- Your task
Range to copy from the entries below: the line containing "Under saldoen vil" through the line containing "1998 Bowman Football", inclusive. Retype only those lines, exactly, without any images.

Task input: Begin

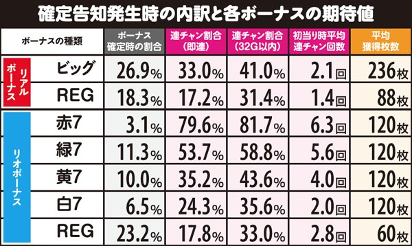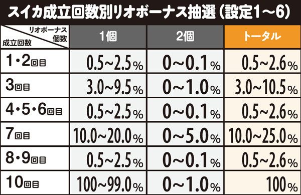 リオボーナスは一度の放出抽選で稀に2個当選することがある。表内の「0」は無抽選なので設定1は0%、すなわち2個出てきたら設定1が否定されるが、ボーナス消化中の1G連当選を把握しておく必要があるので要注意だ。なお、2個当選時にはボーナス終了時にWINランプが点灯する。
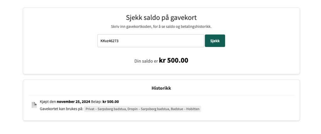 Under saldoen vil du finne en oversikt over gavekortets historikk, inkludert dato for kjøp, beløp, og hvor gavekortet kan brukes.
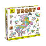 Un puzzle de madera de forma especial en el que está representado un colorido paisaje. Entre las piezas que componen el puzle hay 12 animales perfilados que también se pueden colocar de pie sobre sus bases. El juego estimula la lógica, las habilidades visoespaciales y la motricidad fina.
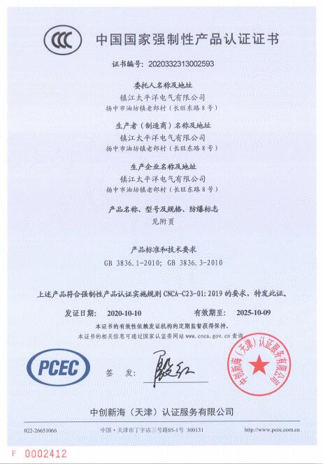 中國國家強製性產品認證證書
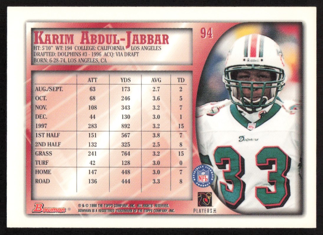 1998 Bowman Football Karim Abdul-Jabbar #94 Miami Dolphins
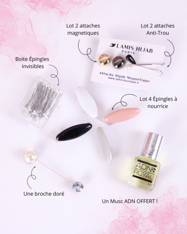 Explorez une gamme diversifiée d'épingles hijab délicates et de broches ornées de perles pour compléter votre style avec raffinement. Notre box d'accessoires hijab vise à répondre aux besoins de chaque hijabi dans toutes situations. En cadeau, profitez d'un musc ADN offert, ajoutant un parfum envoûtante à votre expérience.
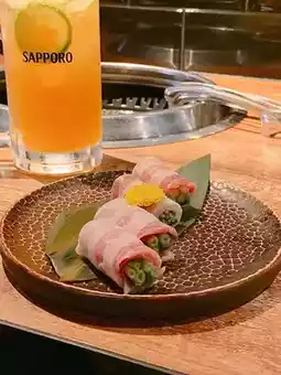 Pork Hakata Green Onion Roll ๐ ร la carte $58 ๐ฐ Pork wrapped around grilled green onions ๐ฑ The refreshing green onion segments balance the fattiness of the pork belly โบ๏ธ
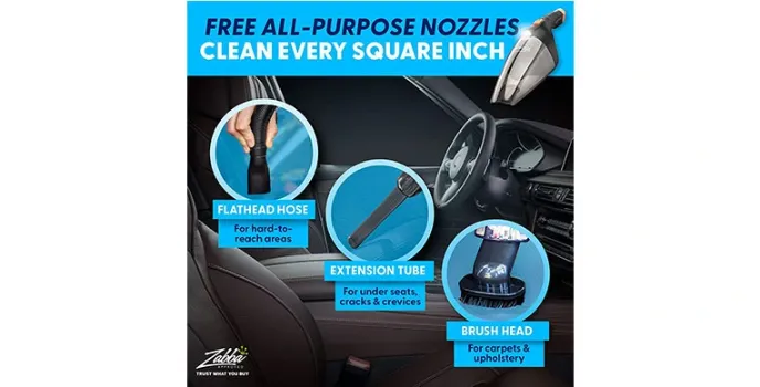 The Thisworx portable vacuum has three all-purpose nozzles: a flathead hose, an extension tube, and a brush head, along with a carry bag for easy storage for collecting dirt, dust, and other messes.
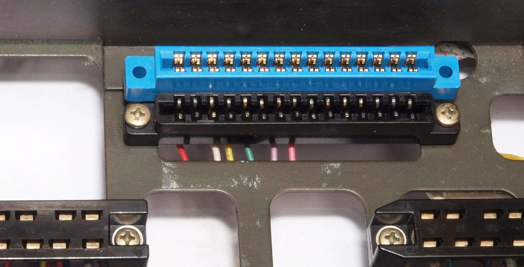 GCB. 修理中 左側ドライブ基板のカードエッジ・コネクター。上が交換する物。
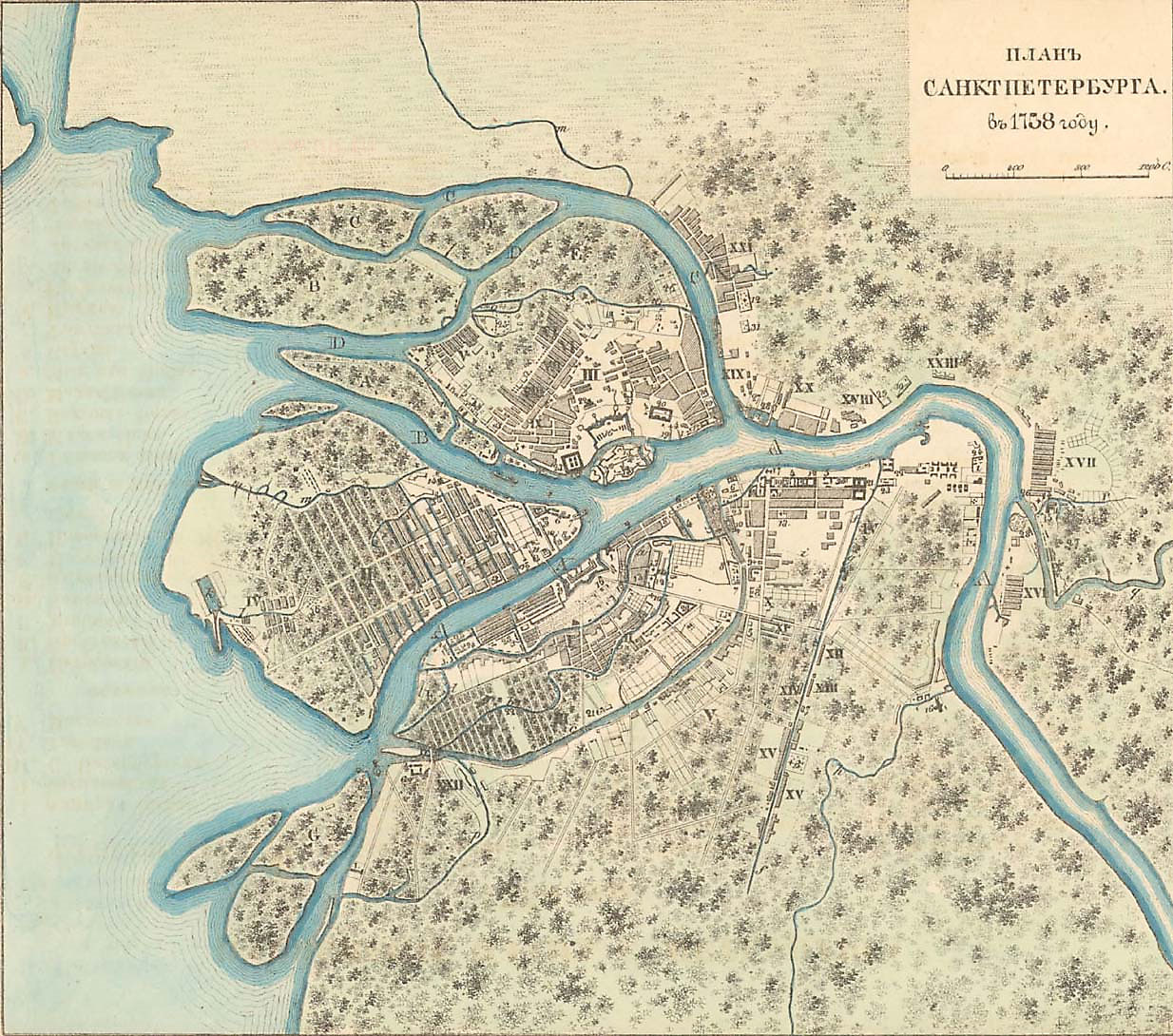 План Санкт-Петербурга 1738 года. Историческая реконструкция 1850-х гг. Из альбом: Планы С.Петербурга въ 1700, 1705, 1725, 1738, 1756, 1777, 1799, 1840, 1849 годахъ, съ приложенiемъ плановъ 13 частей столицы. Составлен Н.Цыловым. СПб., 1853
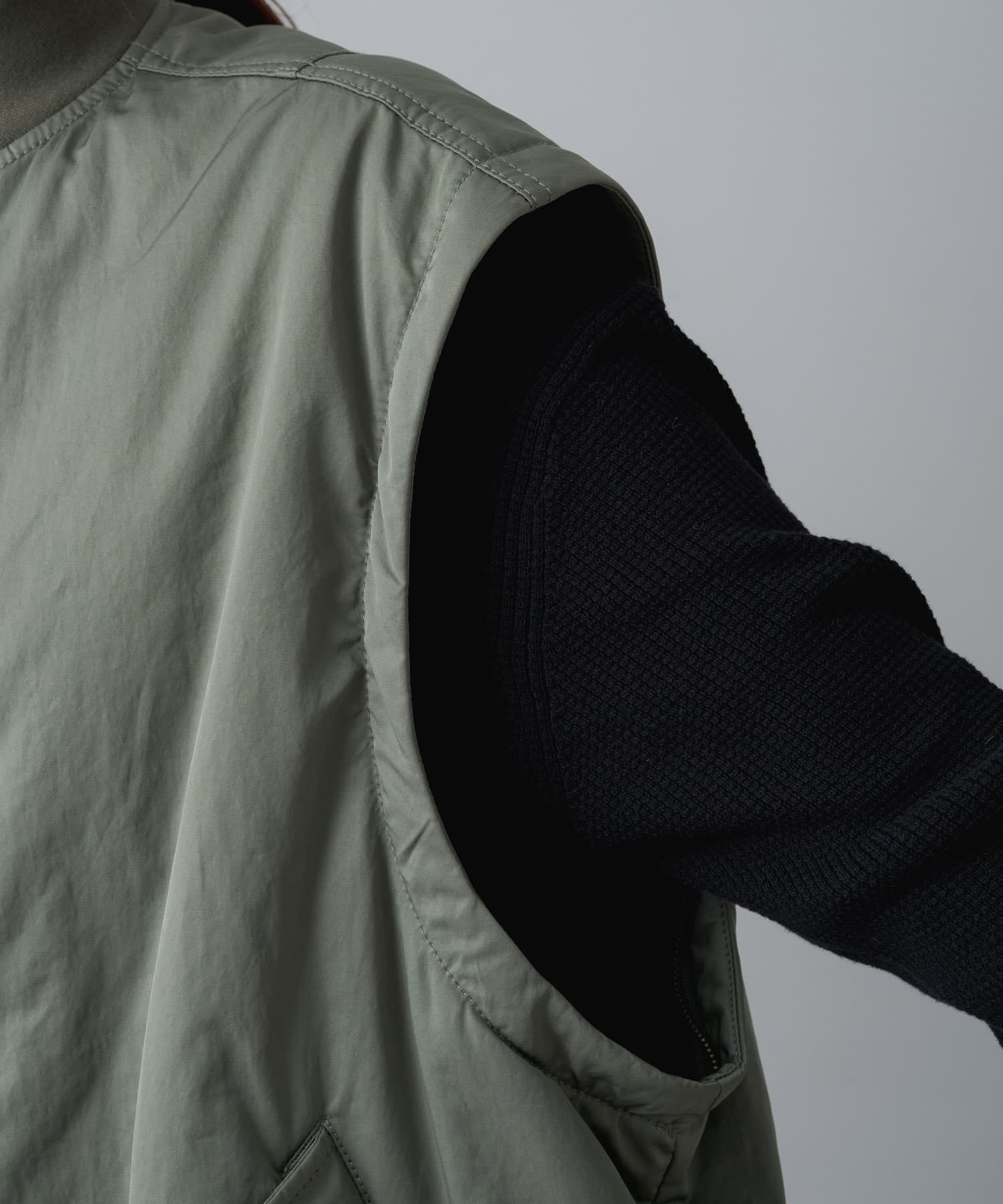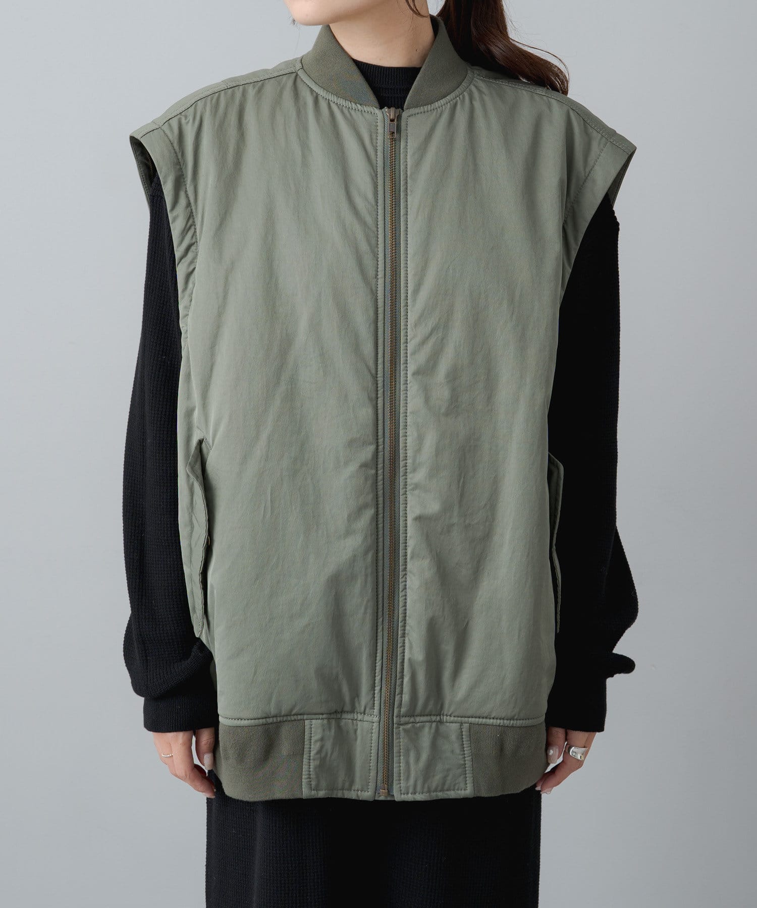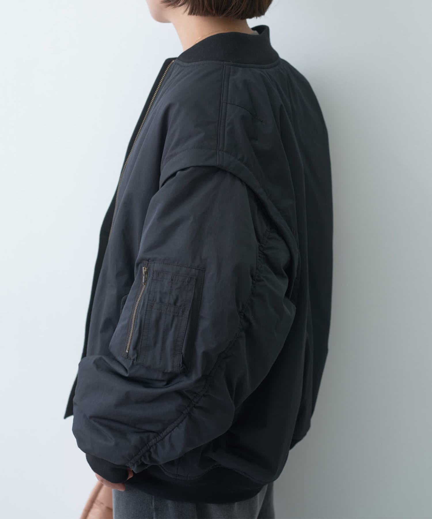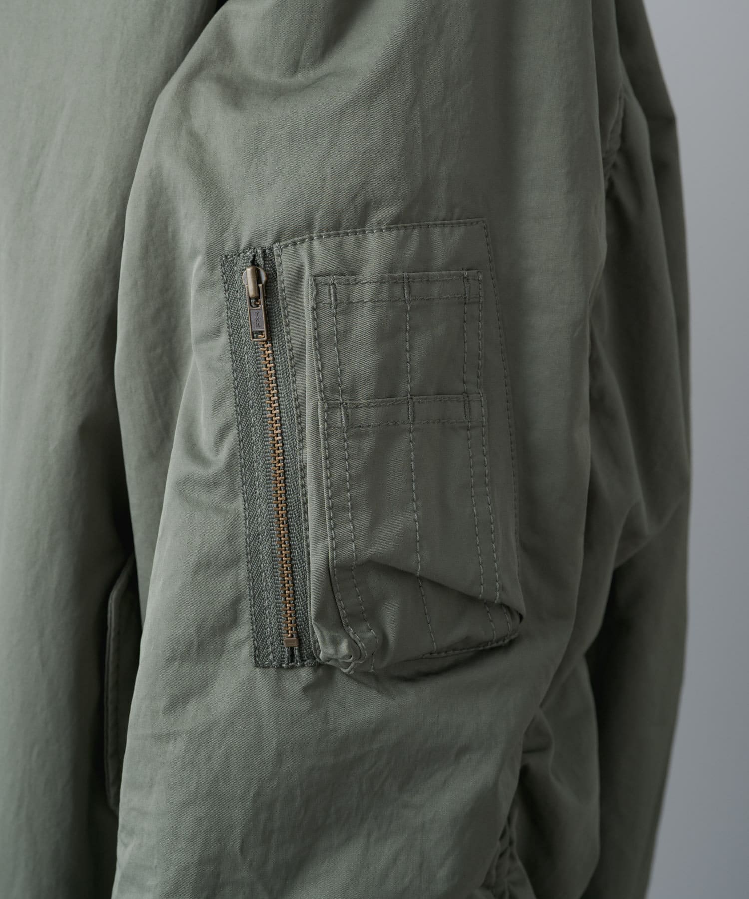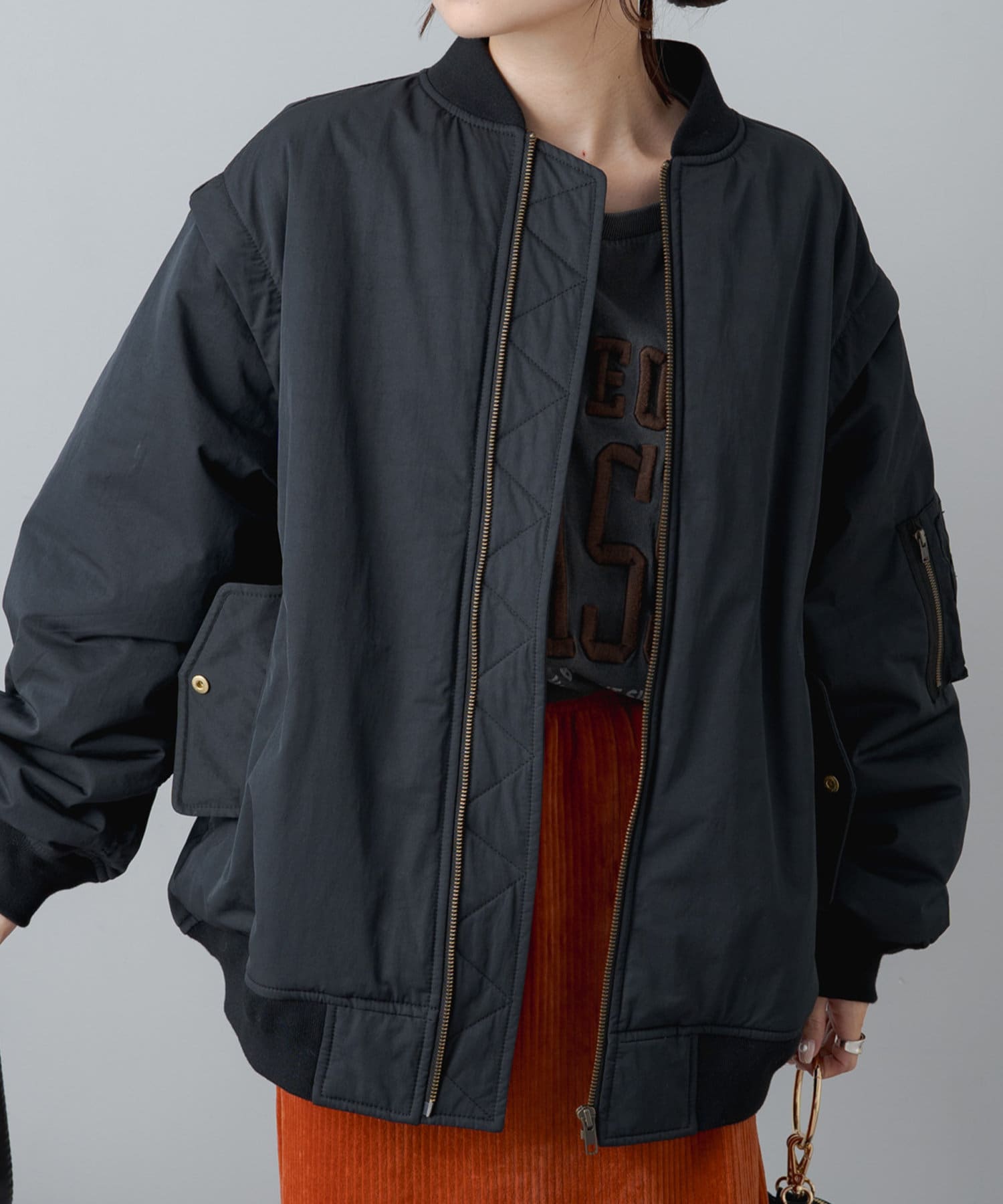 袖と肩のつなぎ目にファスナーを施しベストとしても楽しめる2WAY仕様に仕上げたMA-1ブルゾン。

Task input: End

- Solution to the exercise
 Under saldoen vil du finne en oversikt over gavekortets historikk, inkludert dato for kjøp, beløp, og hvor gavekortet kan brukes.
 Un puzzle de madera de forma especial en el que está representado un colorido paisaje. Entre las piezas que componen el puzle hay 12 animales perfilados que también se pueden colocar de pie sobre sus bases. El juego estimula la lógica, las habilidades visoespaciales y la motricidad fina.
 中國國家強製性產品認證證書
 1998 Bowman Football Karim Abdul-Jabbar #94 Miami Dolphins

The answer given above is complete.